WHAT IS BEING ASKED:
The full listing, minus its pictures, should be printed again exactly as it stands.

SOURCE DATA:

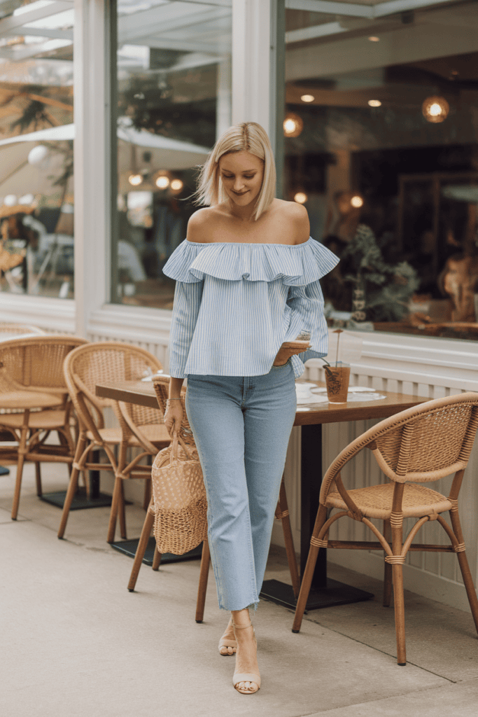 Ruffled off-the-shoulder top with jeans
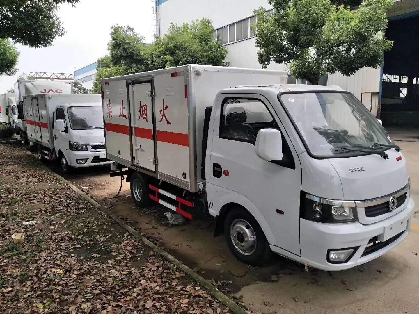 在車廂內頂部安裝感煙報警器,在門器框上方安裝有防盜報警器,廂體外側安裝示廓燈及滅火器支架,配置兩個滅火器,并有“嚴禁煙火”和“爆”等字樣,廂體周邊貼反光標識。后門貼有安全告示,危險品標牌。車輛尾部安裝兩條拖地導靜電膠帶,駕駛室頂部裝有安全三角燈。廂體顏色有:黃、白、灰色等可選; 現車僅為白色廂體,需要訂購的客戶與我司電話聯系!
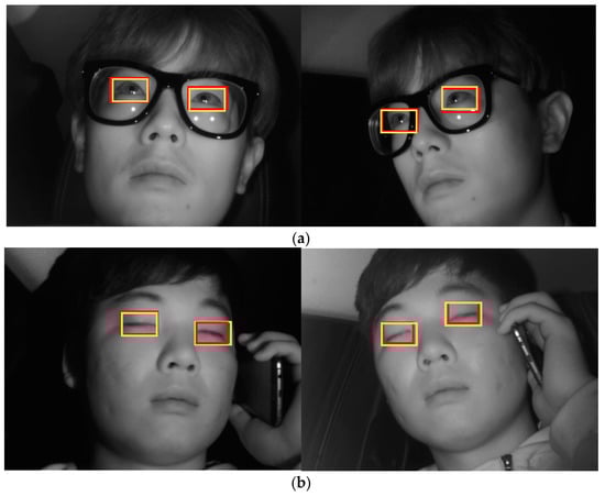 Figure 19 shows the final correctly detected driver eye detection images obtained through the proposed method, whereas Figure 20 shows the error cases. For the error cases, while the driver’s eyes in frontal face image were accurately detected by faster R-CNN (left images of Figure 20a,b), in the process of mapping the driver eye regions in the side face image through geometric transformation, the regions could not be accurately mapped owing to excessive head rotation (right images of Figure 20a,b).

WRITTEN ANSWER:
 Ruffled off-the-shoulder top with jeans
 在車廂內頂部安裝感煙報警器,在門器框上方安裝有防盜報警器,廂體外側安裝示廓燈及滅火器支架,配置兩個滅火器,并有“嚴禁煙火”和“爆”等字樣,廂體周邊貼反光標識。后門貼有安全告示,危險品標牌。車輛尾部安裝兩條拖地導靜電膠帶,駕駛室頂部裝有安全三角燈。廂體顏色有:黃、白、灰色等可選; 現車僅為白色廂體,需要訂購的客戶與我司電話聯系!
 Figure 19 shows the final correctly detected driver eye detection images obtained through the proposed method, whereas Figure 20 shows the error cases. For the error cases, while the driver’s eyes in frontal face image were accurately detected by faster R-CNN (left images of Figure 20a,b), in the process of mapping the driver eye regions in the side face image through geometric transformation, the regions could not be accurately mapped owing to excessive head rotation (right images of Figure 20a,b).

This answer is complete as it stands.